Requirement:
All entries below must be written out verbatim, and the images must be dropped.

[Saved data entries]
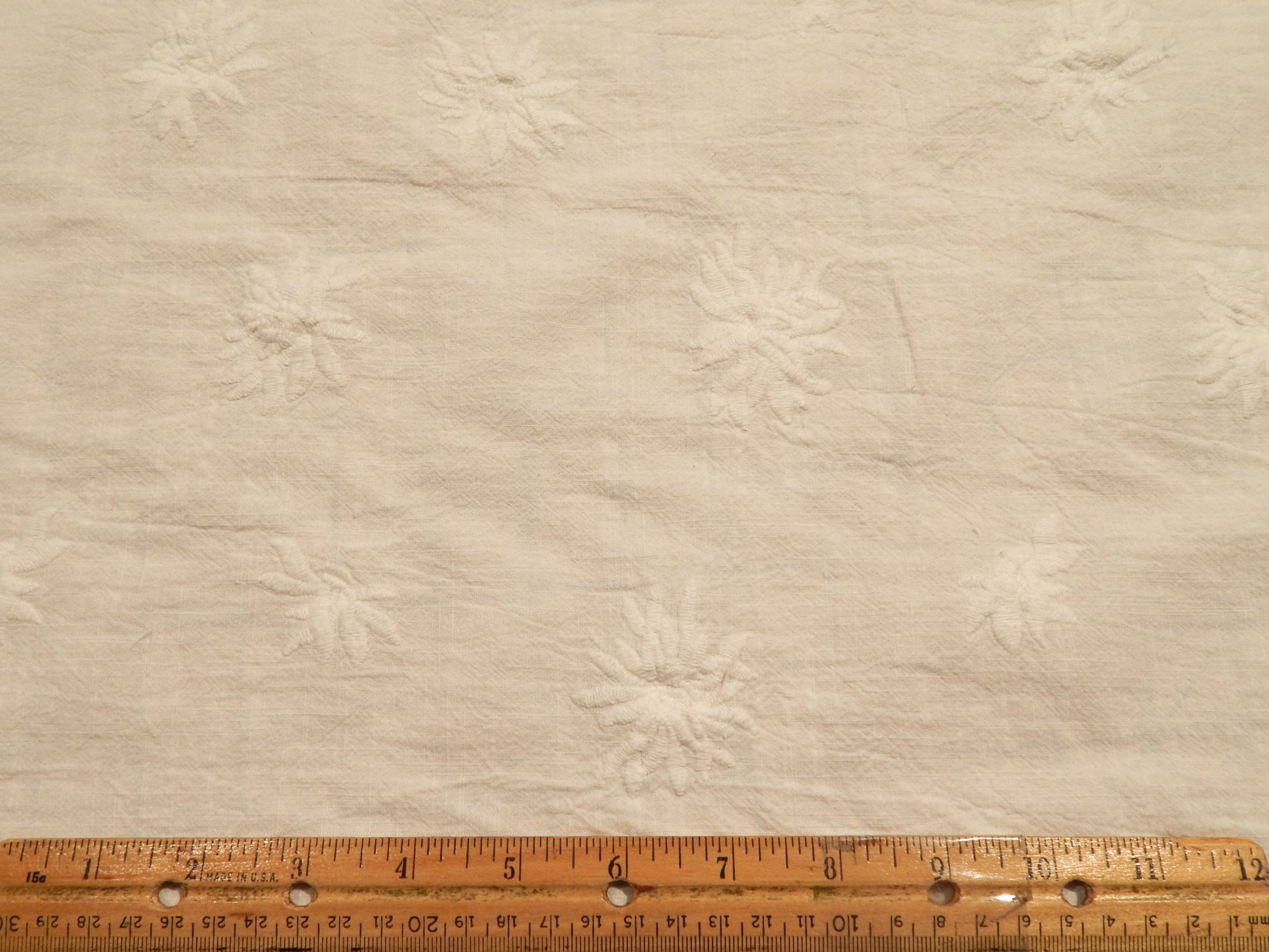 This White Floral Embroidery Linen/Cotton Blend fabric is both soft and beautiful. The large embroidered flowers are raised on the surface giving it a 3D appearance. The cotton in this fabric helps it to be less wrinkly and more uniform, while the linen gives it strength. While it's base color is white, it is not very see through and more plush than our other eyelets. This would work well for a Baptismal gown, a summer blouse, or even curtains!
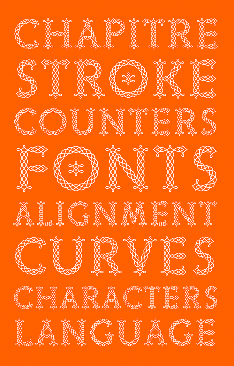 The typeface Chapitre is based on the principle of the endless knot, a symbol used particularly in Hinduism and Buddhism. As its name implies, an endless knot has no beginning and no end. Similar ornaments and patterns can be found in many other cultures at different times in history: Early Christian Ethiopian frescoes and bas-reliefs, Irish and Anglo-Saxon illuminations of the Middle Ages, Girih in Islamic art in the 11th and 12th centuries or Flemish calligraphy of the 17th century.
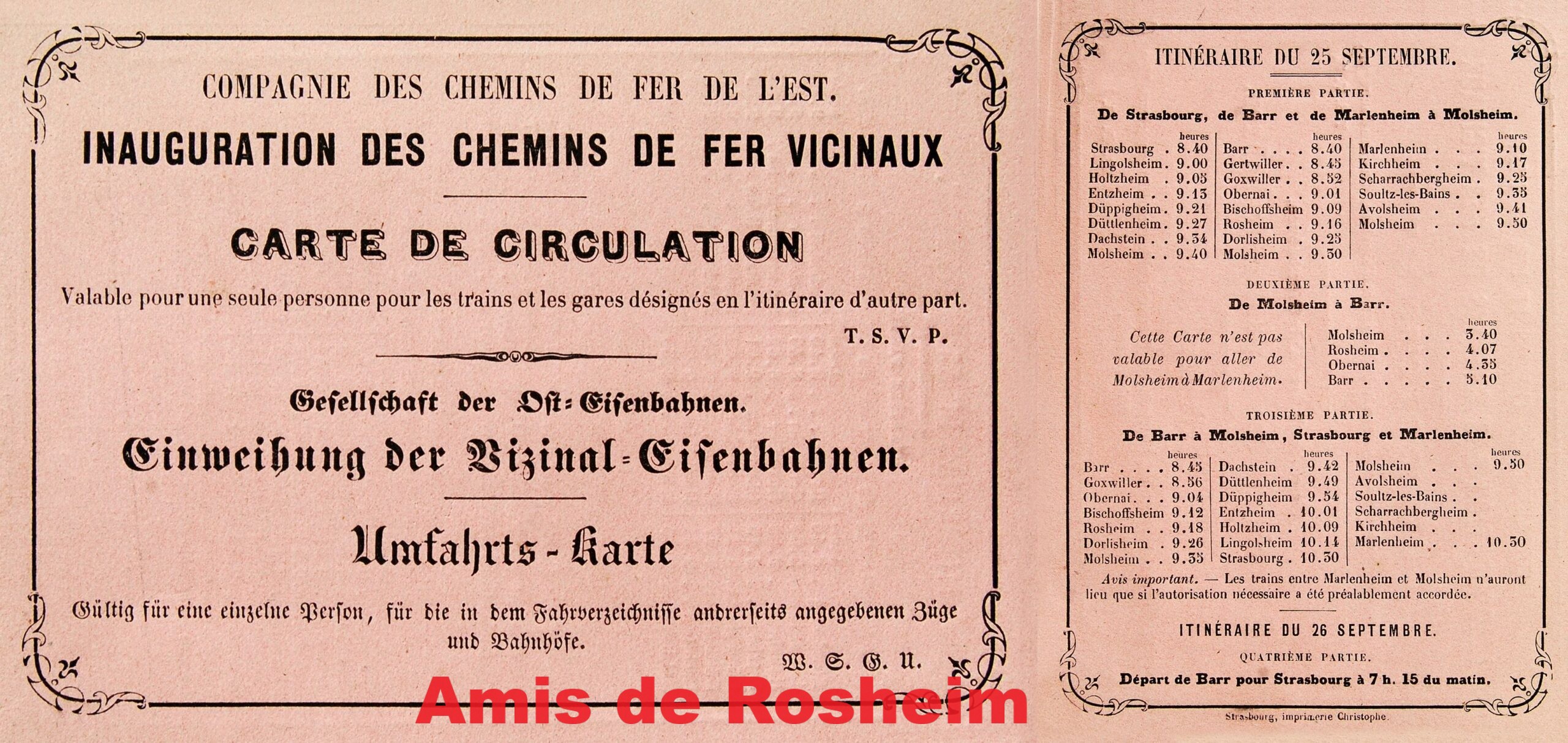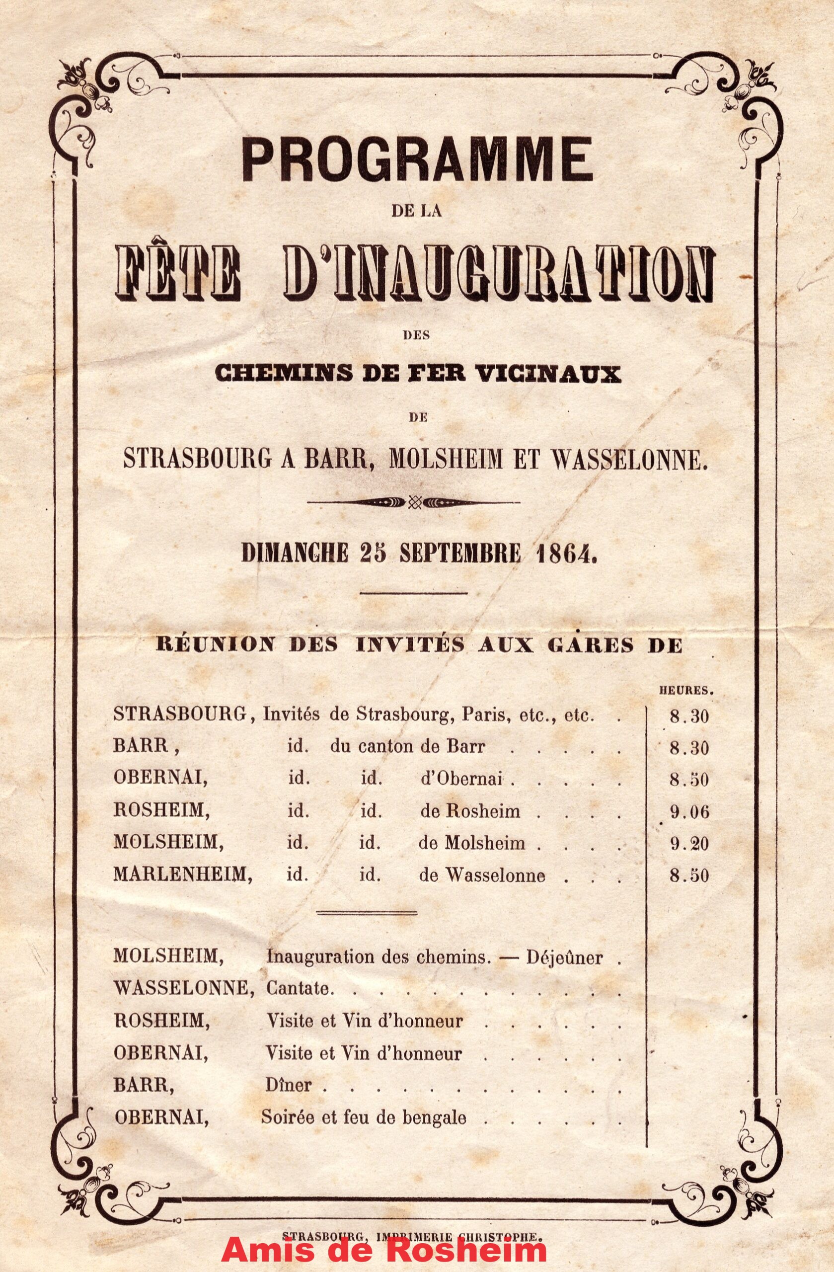 Le projet de chemin de fer vicinal n°1 bis de Strasbourg à Barr, Wasselonne et Mutzig est lancé en 1860 et inauguré en grande pompe le 25 septembre 1864 avec des discours enflammés sur les vertus du progrès, musique, banquets et autres réjouissances sur les différentes étapes de cette ligne.
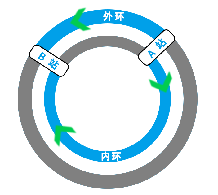 和传统轨道交通不一样,济南云巴线路呈“圆环”状,闭环运行,分为内环、外环两个相反方向。例如我们从A站到B站,就可以选择乘坐外环,这样出行效率更高;若选乘内环,则会绕大圈,耗时更长。
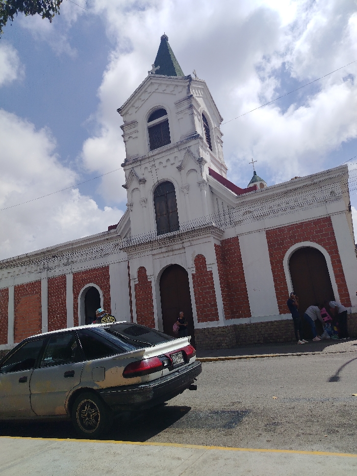The image presents a street-level view of the Catedral San Felipe Neri in Los Teques, Venezuela, under a partly cloudy sky
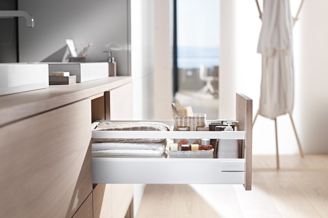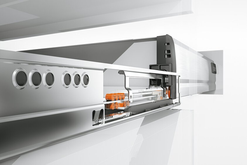 Již po desítky let slouží osvědčená korpusová lišta TANDEMBOX jako základ, a její plynulý a lehký chod neustále přesvědčuje. Vysoká kvalita pohybu je zajištěna plastovými válečky odolnými vůči opotřebení, což platí pro zatížení od 30 do 65 kg po celou dobu životnosti nábytku.

Output:
 This White Floral Embroidery Linen/Cotton Blend fabric is both soft and beautiful. The large embroidered flowers are raised on the surface giving it a 3D appearance. The cotton in this fabric helps it to be less wrinkly and more uniform, while the linen gives it strength. While it's base color is white, it is not very see through and more plush than our other eyelets. This would work well for a Baptismal gown, a summer blouse, or even curtains!
 The typeface Chapitre is based on the principle of the endless knot, a symbol used particularly in Hinduism and Buddhism. As its name implies, an endless knot has no beginning and no end. Similar ornaments and patterns can be found in many other cultures at different times in history: Early Christian Ethiopian frescoes and bas-reliefs, Irish and Anglo-Saxon illuminations of the Middle Ages, Girih in Islamic art in the 11th and 12th centuries or Flemish calligraphy of the 17th century.
 Le projet de chemin de fer vicinal n°1 bis de Strasbourg à Barr, Wasselonne et Mutzig est lancé en 1860 et inauguré en grande pompe le 25 septembre 1864 avec des discours enflammés sur les vertus du progrès, musique, banquets et autres réjouissances sur les différentes étapes de cette ligne.
 和传统轨道交通不一样,济南云巴线路呈“圆环”状,闭环运行,分为内环、外环两个相反方向。例如我们从A站到B站,就可以选择乘坐外环,这样出行效率更高;若选乘内环,则会绕大圈,耗时更长。
The image presents a street-level view of the Catedral San Felipe Neri in Los Teques, Venezuela, under a partly cloudy sky
 Již po desítky let slouží osvědčená korpusová lišta TANDEMBOX jako základ, a její plynulý a lehký chod neustále přesvědčuje. Vysoká kvalita pohybu je zajištěna plastovými válečky odolnými vůči opotřebení, což platí pro zatížení od 30 do 65 kg po celou dobu životnosti nábytku.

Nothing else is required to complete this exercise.